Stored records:
----------

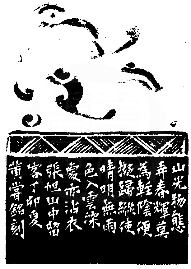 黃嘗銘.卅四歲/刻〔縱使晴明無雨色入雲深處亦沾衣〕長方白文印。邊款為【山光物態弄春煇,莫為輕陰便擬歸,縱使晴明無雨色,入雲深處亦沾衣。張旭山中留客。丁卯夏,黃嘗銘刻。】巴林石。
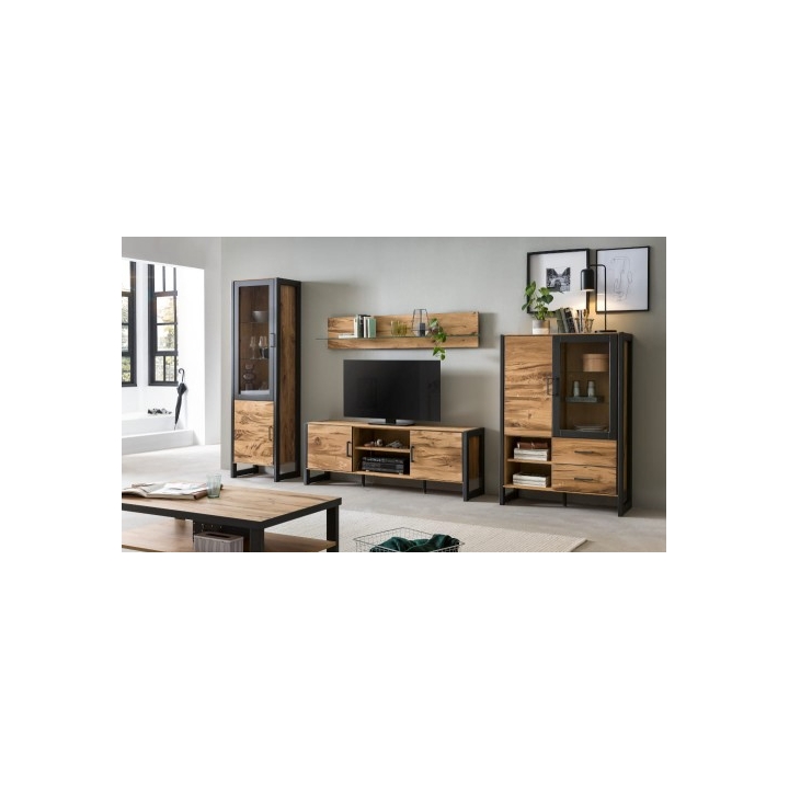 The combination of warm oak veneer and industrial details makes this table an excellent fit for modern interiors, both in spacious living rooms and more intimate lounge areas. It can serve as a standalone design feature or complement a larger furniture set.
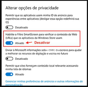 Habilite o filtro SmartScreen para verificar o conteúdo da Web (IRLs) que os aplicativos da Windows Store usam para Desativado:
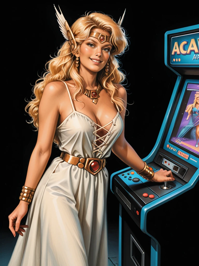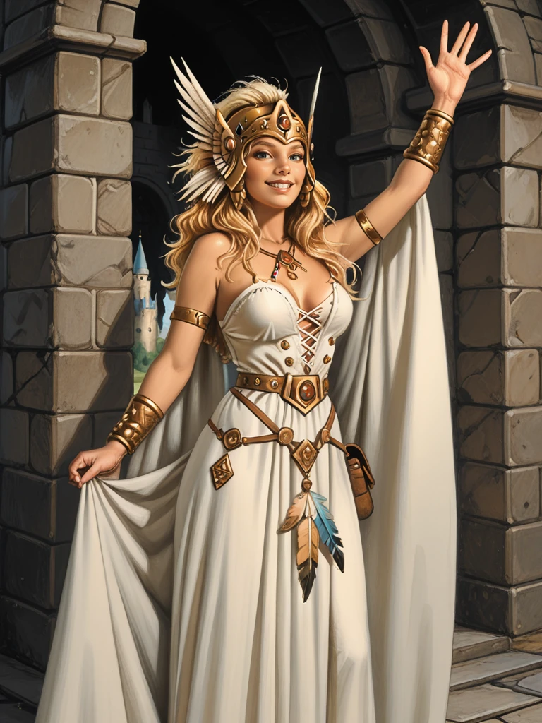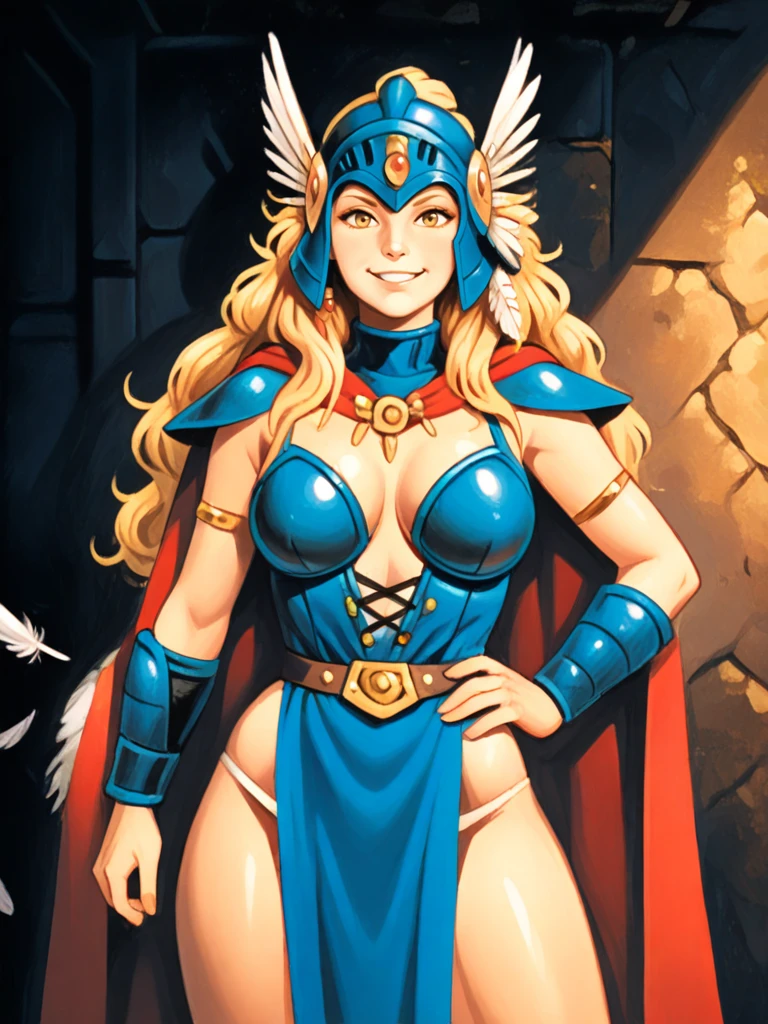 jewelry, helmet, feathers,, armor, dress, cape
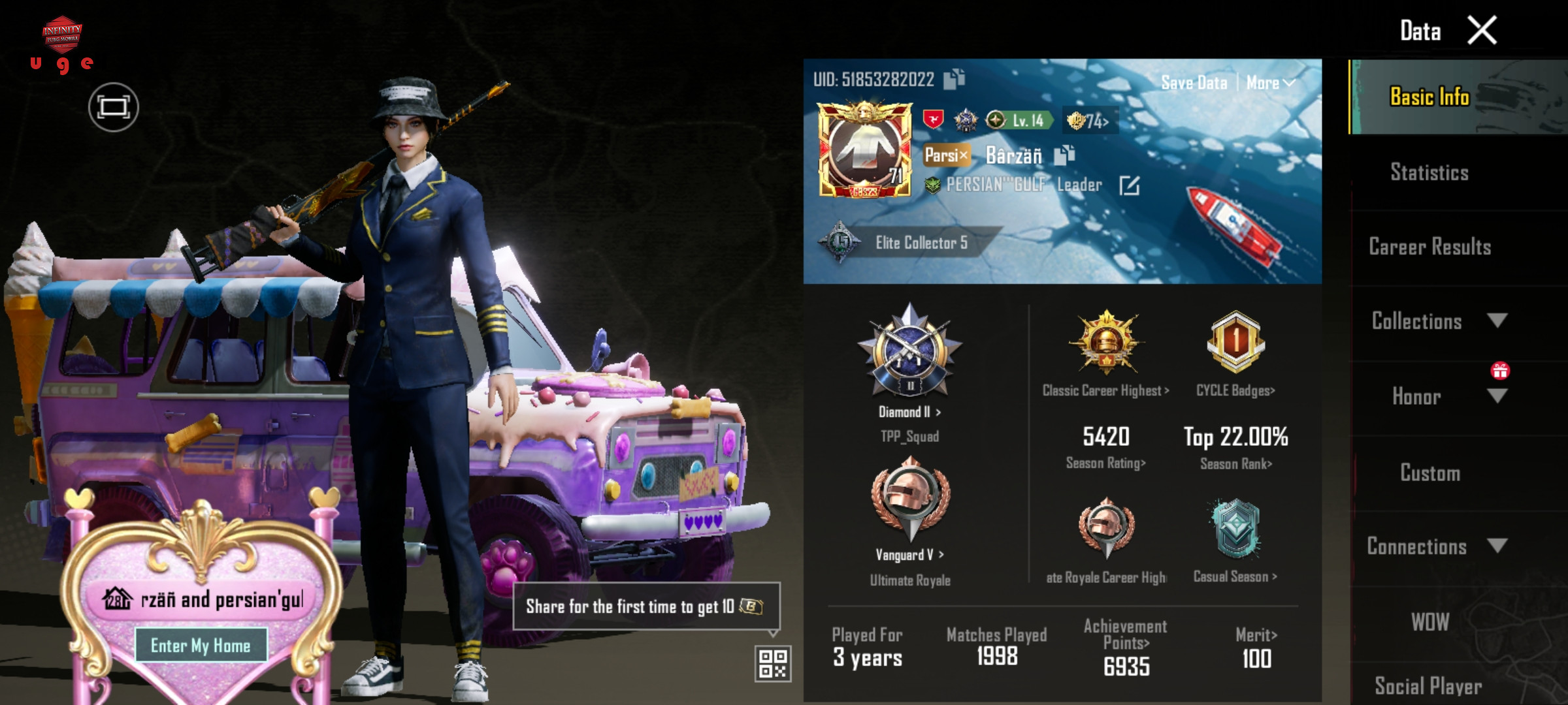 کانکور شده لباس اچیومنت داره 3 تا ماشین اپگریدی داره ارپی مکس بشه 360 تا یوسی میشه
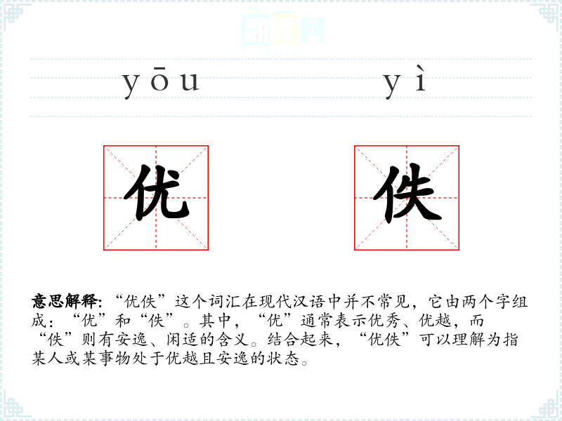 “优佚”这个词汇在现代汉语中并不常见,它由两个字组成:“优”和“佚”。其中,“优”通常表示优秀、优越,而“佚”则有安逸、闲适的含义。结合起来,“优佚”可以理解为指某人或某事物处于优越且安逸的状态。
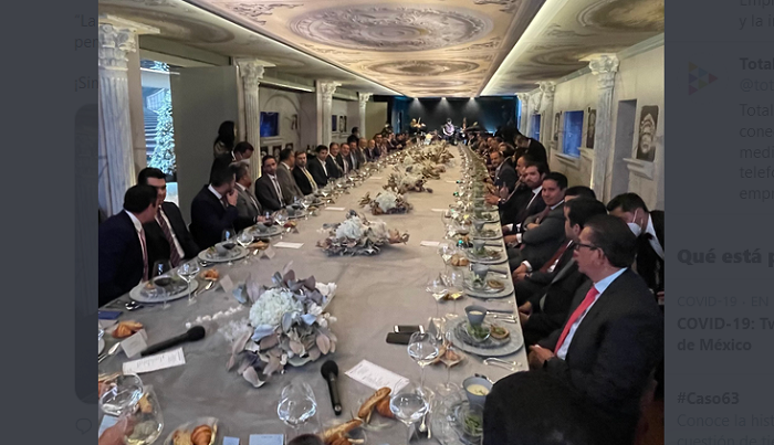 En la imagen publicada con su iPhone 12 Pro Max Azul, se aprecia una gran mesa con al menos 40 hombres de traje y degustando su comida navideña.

----------

Your task: Repeat word for word the lines above, from the first entry through the line containing "The combination of", with both ends kept and the pictures dropped.

Answer section:
 黃嘗銘.卅四歲/刻〔縱使晴明無雨色入雲深處亦沾衣〕長方白文印。邊款為【山光物態弄春煇,莫為輕陰便擬歸,縱使晴明無雨色,入雲深處亦沾衣。張旭山中留客。丁卯夏,黃嘗銘刻。】巴林石。
 The combination of warm oak veneer and industrial details makes this table an excellent fit for modern interiors, both in spacious living rooms and more intimate lounge areas. It can serve as a standalone design feature or complement a larger furniture set.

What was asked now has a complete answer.